Start of WORKING DATA
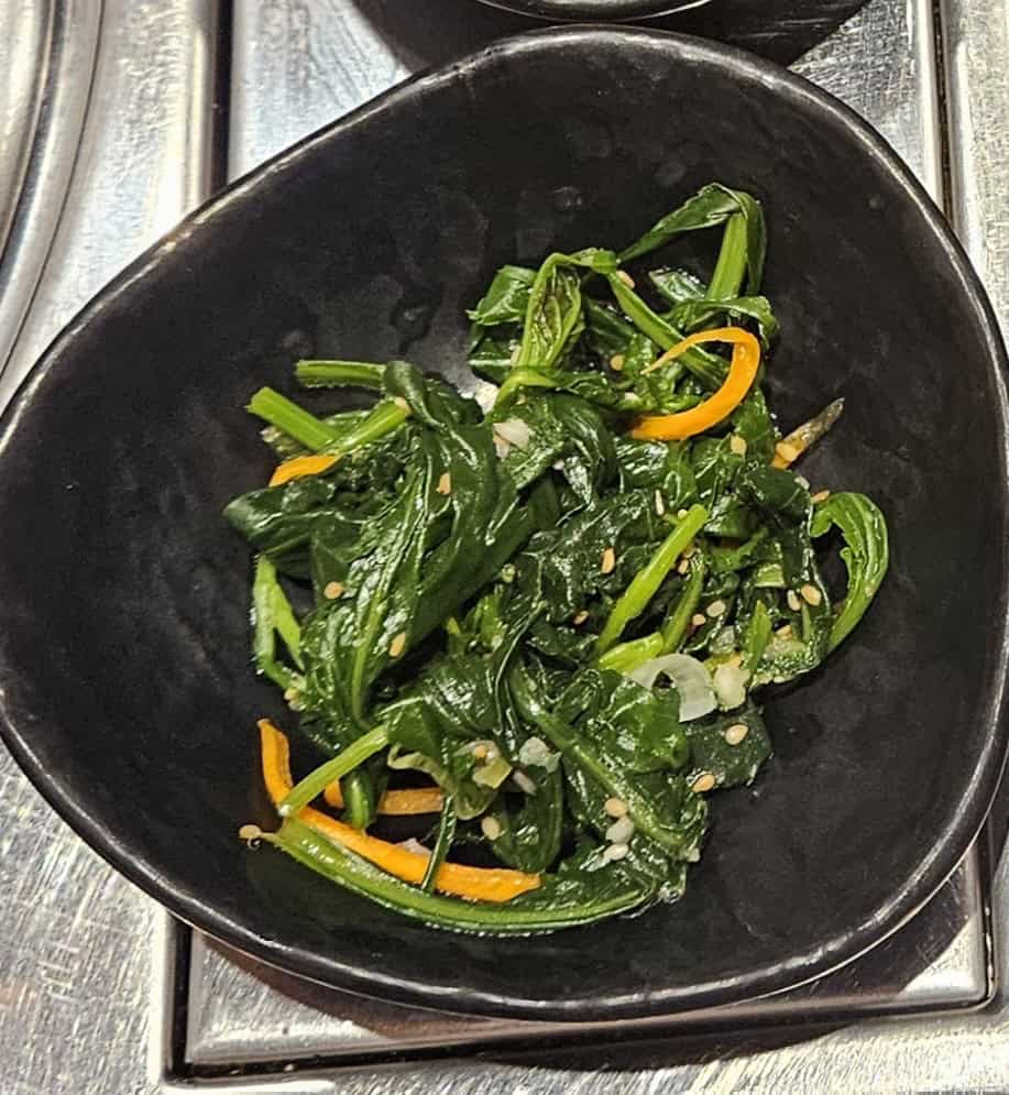 신내동 신선한우촌은 주문하기 전에 제공된 기본 밑반찬이 정말 정갈하고 다양했는데 눈부터 즐거웠어요. 초록색의 봄나물, 쌈채소, 오이도라지무침, 야채와 버무린 도토리묵 무침 등 반찬 구성이 풍부해서 고기랑 함께 먹기도 좋았고, 개인적으로 도토리묵은 너무 맛있었어요.
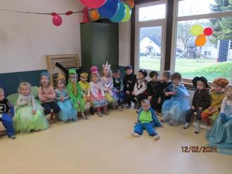 Am Rosenmontag war es mal wieder soweit. Alle Kinder kamen verkleidet in die Kita. Zuerst trafen sich alle Verkleideten im Bewegungsraum zur offiziellen Begrüßung. Nach dem Motto: „1,2,3 - im Sauseschritt“ stellten alle Kinder ihre Kostüme vor. Getanzt wurde außerdem zu „Laurentia“. Zum Frühstück gab es ein leckeres Buffet, an dem sich alle nach Herzenslust bedienen konnten.
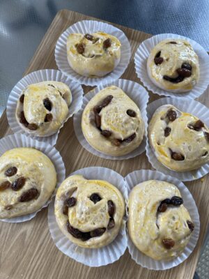 食べている間に胡桃とレーズンパンも焼けた(砂糖は使用せず)
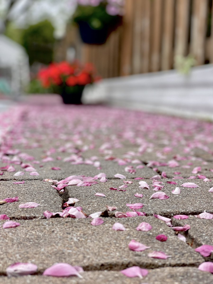 覆盖了一条花径,更飘零在水上把泳池的Skimmer都堵住了。虽然给我造成了一点小忙乱,但颜值高就是可以任性啊……
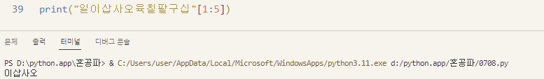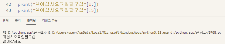 [숫자1:숫자2]로 출력할 문자열의 범위를 지정합니다. '숫자1 이상 ~ 숫자2 미만'으로 생각하면 쉽습니다.
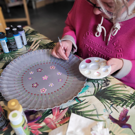 Zin in een creatieve ochtend vol kleur, ontspanning en gezelligheid? Tijdens deze Dot Art workshop ga je aan de slag met het versieren van je eigen dienblad met de dotting-techniek. Geen ervaring nodig, iedereen kan het leren en er iets moois van maken ✨
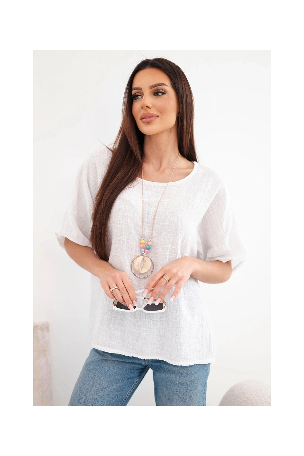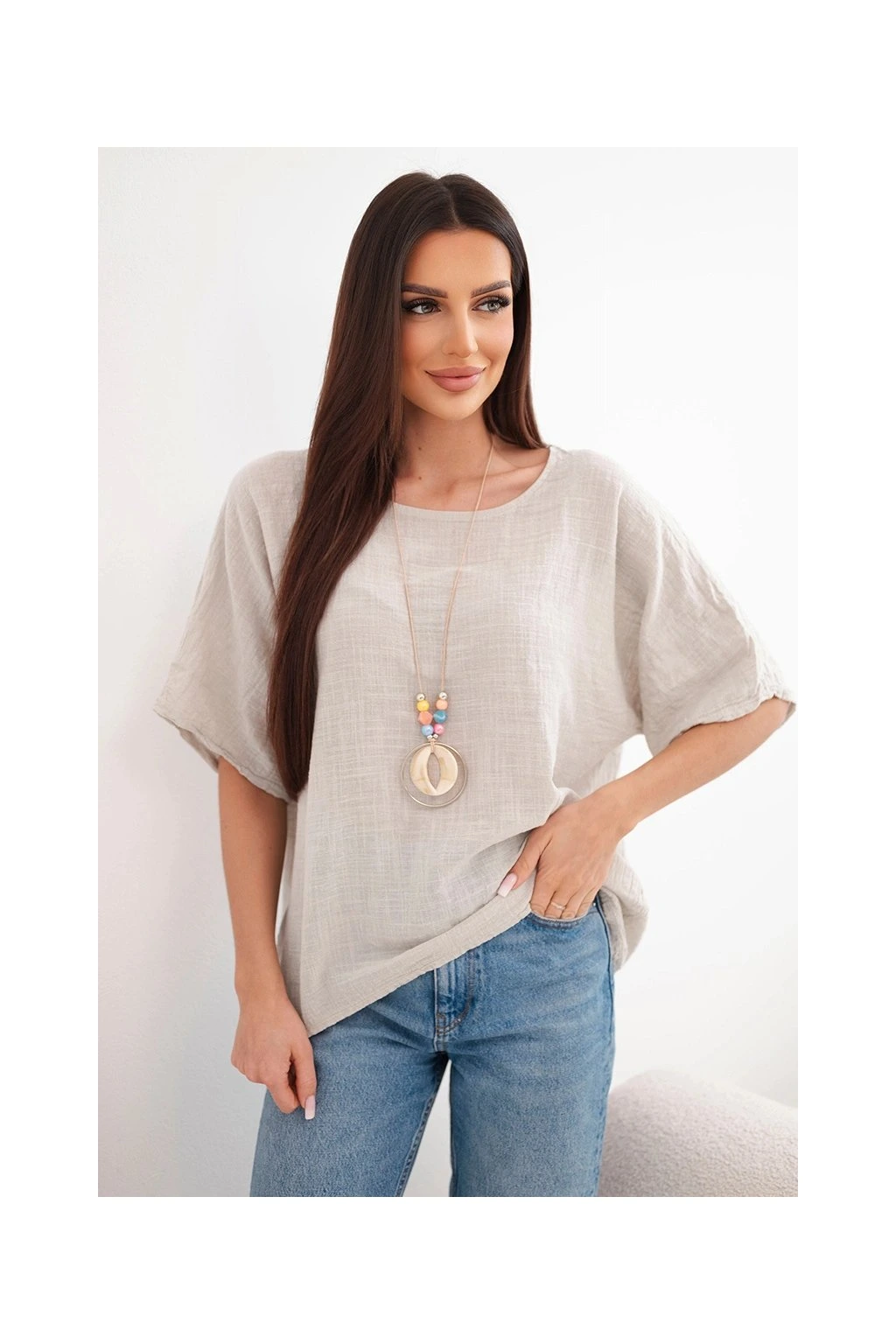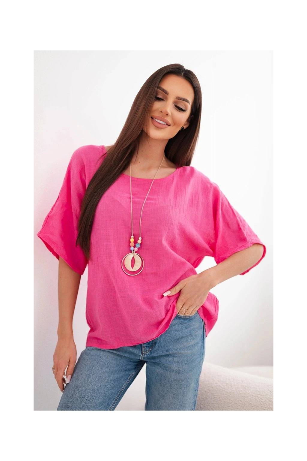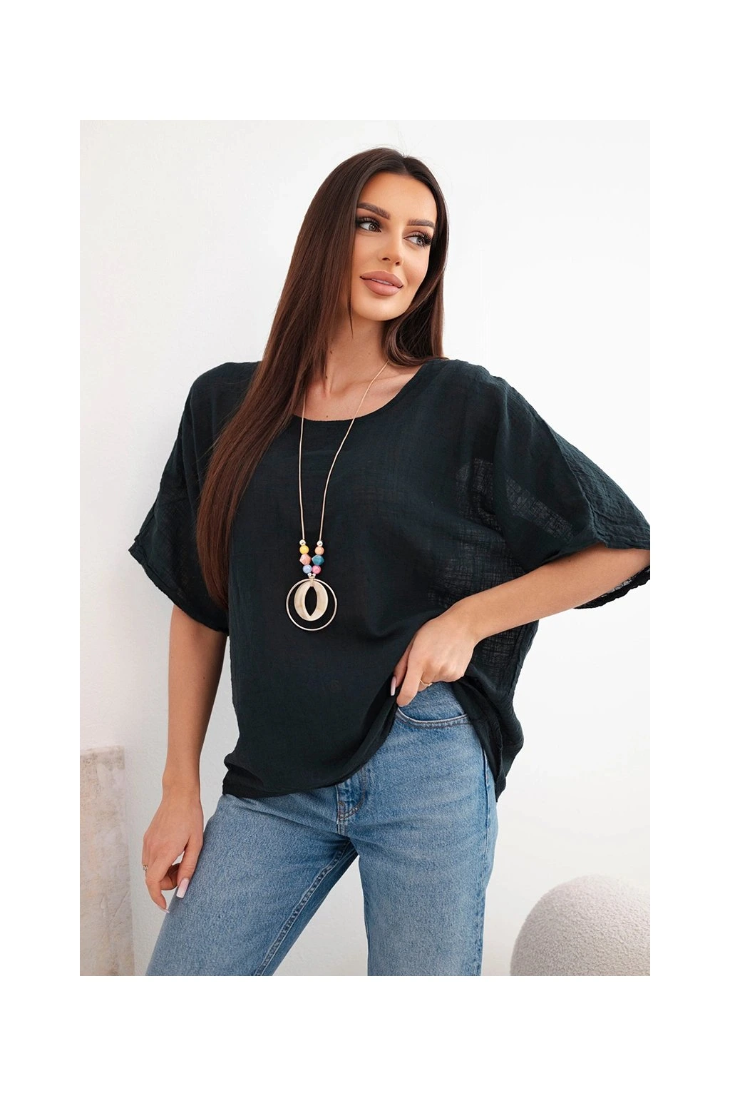 Fantastická Talianska oversize blúzka s príveskom je spojením ležérnosti a jemnej elegancie. Táto blúzka je vyrobená z príjemného a mäkkého materiálu a poskytuje výnimočné pohodlie pri nosení. Blúzka nevyžaduje žehlenie.
End of WORKING DATA
**EXERCISE PROMPT:** This task calls for the lines from the line holding "[숫자1:숫자2]로 출력할 문자열의" through the last line above, restated word for word with both ends included and the pictures dropped.

**EXERCISE SOLUTION:**
 [숫자1:숫자2]로 출력할 문자열의 범위를 지정합니다. '숫자1 이상 ~ 숫자2 미만'으로 생각하면 쉽습니다.
 Zin in een creatieve ochtend vol kleur, ontspanning en gezelligheid? Tijdens deze Dot Art workshop ga je aan de slag met het versieren van je eigen dienblad met de dotting-techniek. Geen ervaring nodig, iedereen kan het leren en er iets moois van maken ✨
 Fantastická Talianska oversize blúzka s príveskom je spojením ležérnosti a jemnej elegancie. Táto blúzka je vyrobená z príjemného a mäkkého materiálu a poskytuje výnimočné pohodlie pri nosení. Blúzka nevyžaduje žehlenie.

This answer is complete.